Самым общим методом мониторинга процесса очистки является выполнение SDS-PAGE различных стадий. Этот метод дает лишь приблизительную оценку количеств различных белков в смеси, и он не позволяет различить белки с похожей кажущейся молекулярной массой.
, если белок имеет отличительную спектроскопическую или ферментативная активность, это свойство можно использовать для обнаружения и количественной оценки конкретного белка и, таким образом, для выбора фракций разделения, которые содержат белок. Если антитела против белка доступны, то вестерн-блоттинг и ELISA могут специфически определять и количественно определять количество желаемого белка. Некоторые белки функционируют как рецепторы и могут быть обнаружены на этапах очистки с помощью анализа связывания лиганда, часто с использованием радиоактивного лиганда.
для оценки процесса многоступенчатой очистки количество конкретного белка должно сравниваться с количеством общего белка. Последний может быть определен с помощью анализа общего белка по Брэдфорду или по поглощению света при 280 нм, однако некоторые реагенты, используемые в процессе очистки, могут мешать количественному определению. Например, имидазол (обычно используемый для очистки рекомбинантных белков, меченных полигистидином) является аналогом аминокислоты и в низких концентрациях будет мешать анализу бицинхониновой кислоты (BCA) для общего белка. количественная оценка. Примеси в имидазоле низкого качества также будут поглощать на длине волны 280 нм, что приведет к неточному измерению концентрации белка по поглощению УФ-излучения.

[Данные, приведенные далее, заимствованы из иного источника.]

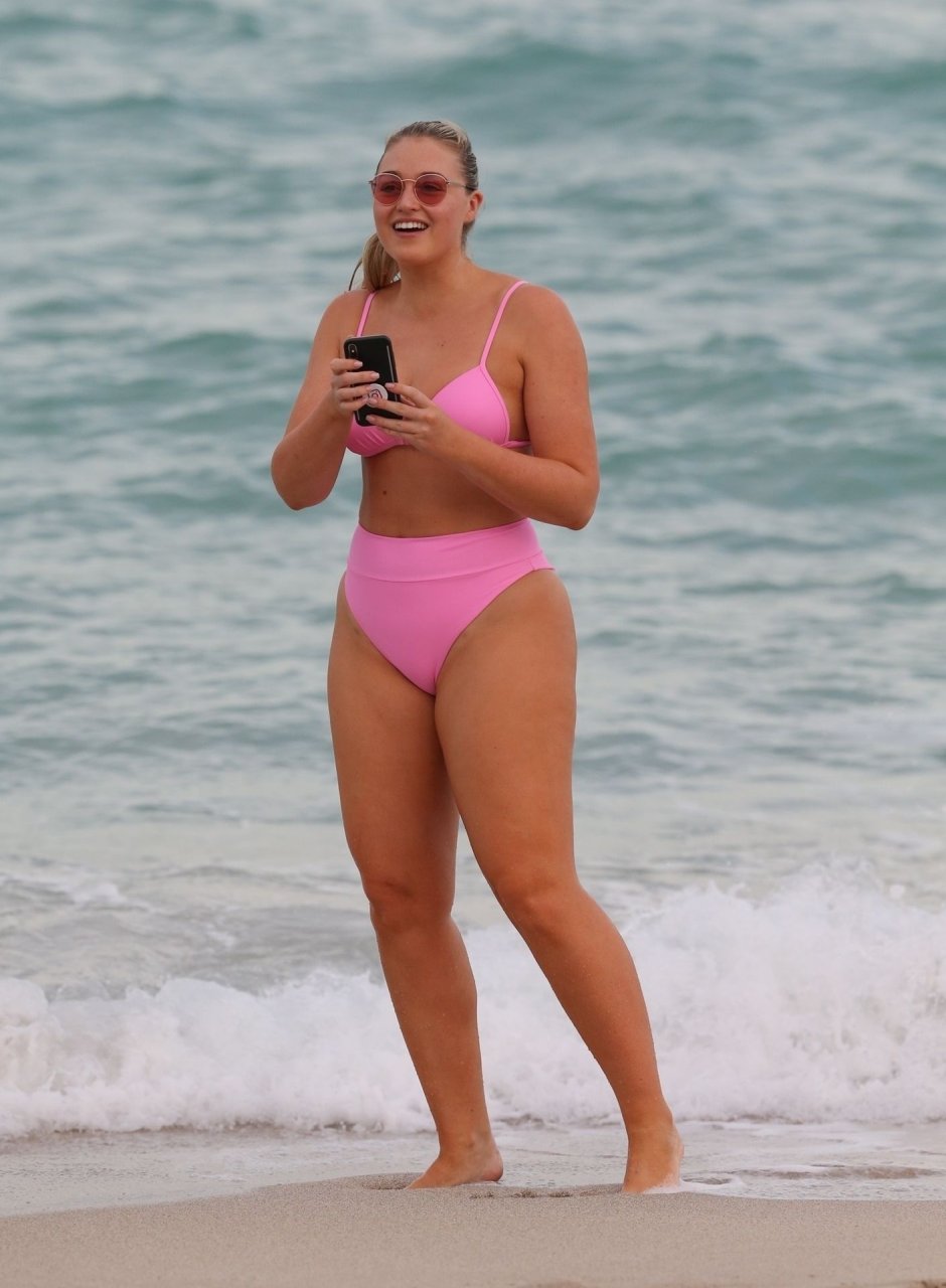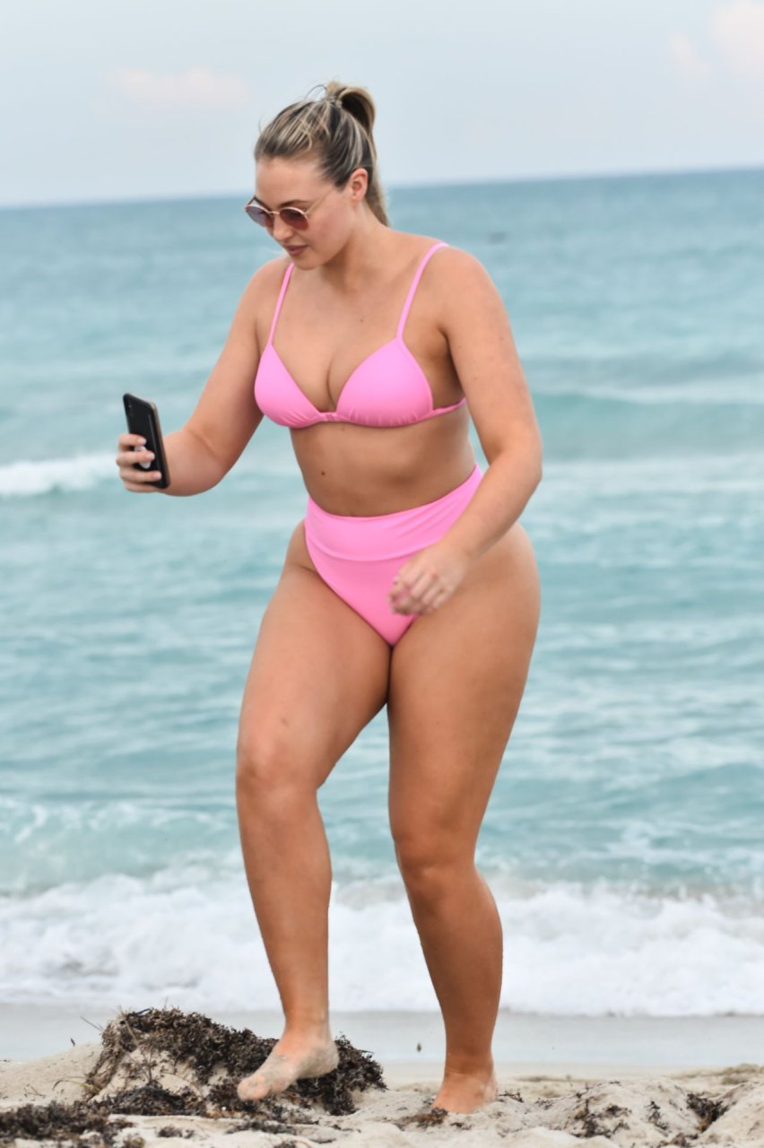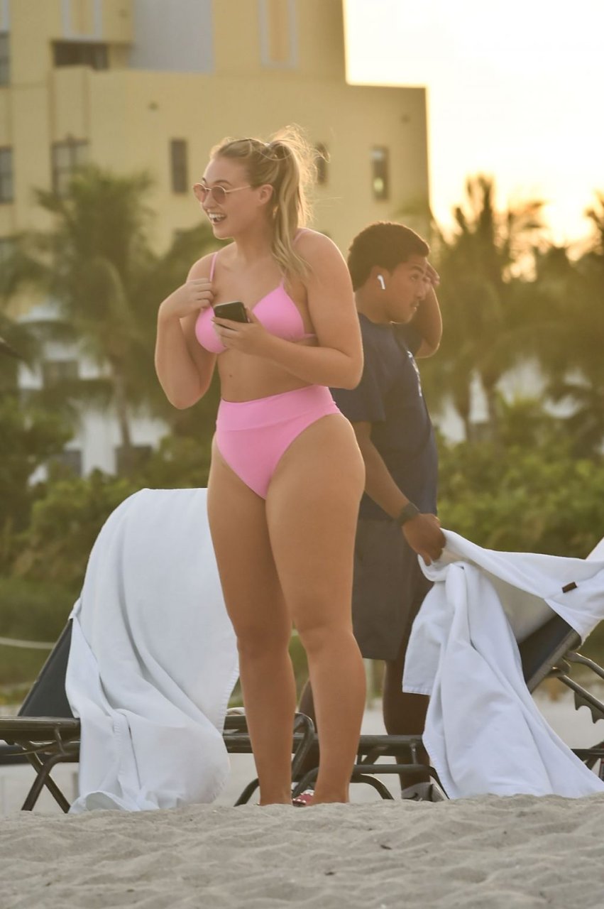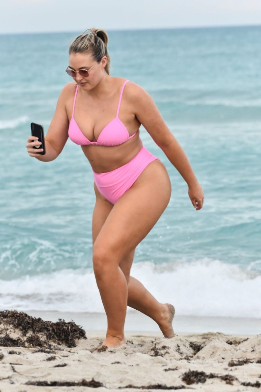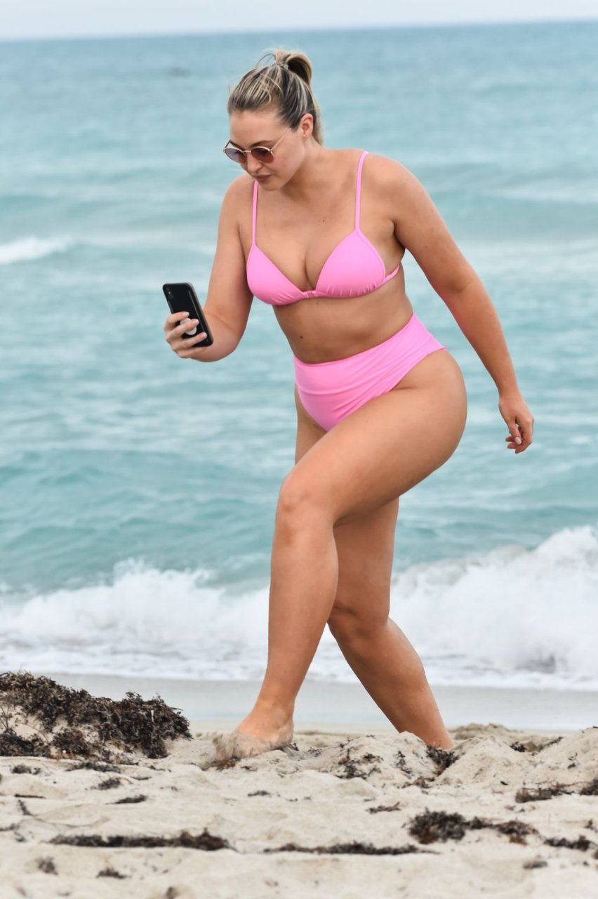 La modelo Iskra Lawrence muestra sus curvas en la playa con un bikini rosa en Miami, 12/09/2018. Iskra se ve genial mientras disfruta de su día en la playa.

Еще один метод, который следует учитывать, - это поверхностный плазмонный резонанс (SPR). SPR может обнаруживать связывание свободных от меток молекул на поверхности чипа. Если желаемый белок представляет собой антитело, связывание может быть напрямую переведено на активность белка. Активную концентрацию белка можно выразить как процент от общего белка. SPR может быть мощным методом для быстрого определения активности белка и общего выхода. Это мощная технология, для работы которой необходим инструмент.
Гель-электрофорез - это распространенный лабораторный метод, который можно использовать как препаративный, так и аналитический метод. Принцип электрофореза основан на движении заряженного иона в электрическом поле. На практике белки денатурируют в растворе, содержащем детергент (SDS ). В этих условиях белки разворачиваются и покрываются отрицательно заряженными молекулами детергента. Белки в SDS-PAGE разделены исключительно на основании их размера.
В аналитических методах белок перемещается в виде полос в зависимости от размера. Каждую полосу можно обнаружить с помощью красителей, таких как кумасси синий краситель или серебряный краситель. Препаративные методы очистки больших количеств белка требуют экстракции белка из электрофоретического геля. Эта экстракция может включать удаление геля, содержащего полосу, или элюирование полосы непосредственно с геля, когда она стекает с конца геля.
В контексте стратегии очистки электрофорез в денатурирующих условиях обеспечивает улучшенное разрешение по сравнению с эксклюзионной хроматографией, но не масштабируется до большого количества белков в образце, а также колонок для поздней хроматографии .
Оборудование для препаративного гель-электрофореза: камера для электрофореза, перистальтический насос, коллектор фракций, буферный рециркуляционный насос и УФ-детектор (в холодильнике), блок питания и регистратор (на столе) A Неденатурирующая электрофоретическая процедура для выделения биоактивных металлопротеинов в сложных белковых смесях представляет собой препаративный нативный PAGE. Целостность или структурная целостность выделенного белка должна быть подтверждена независимым методом.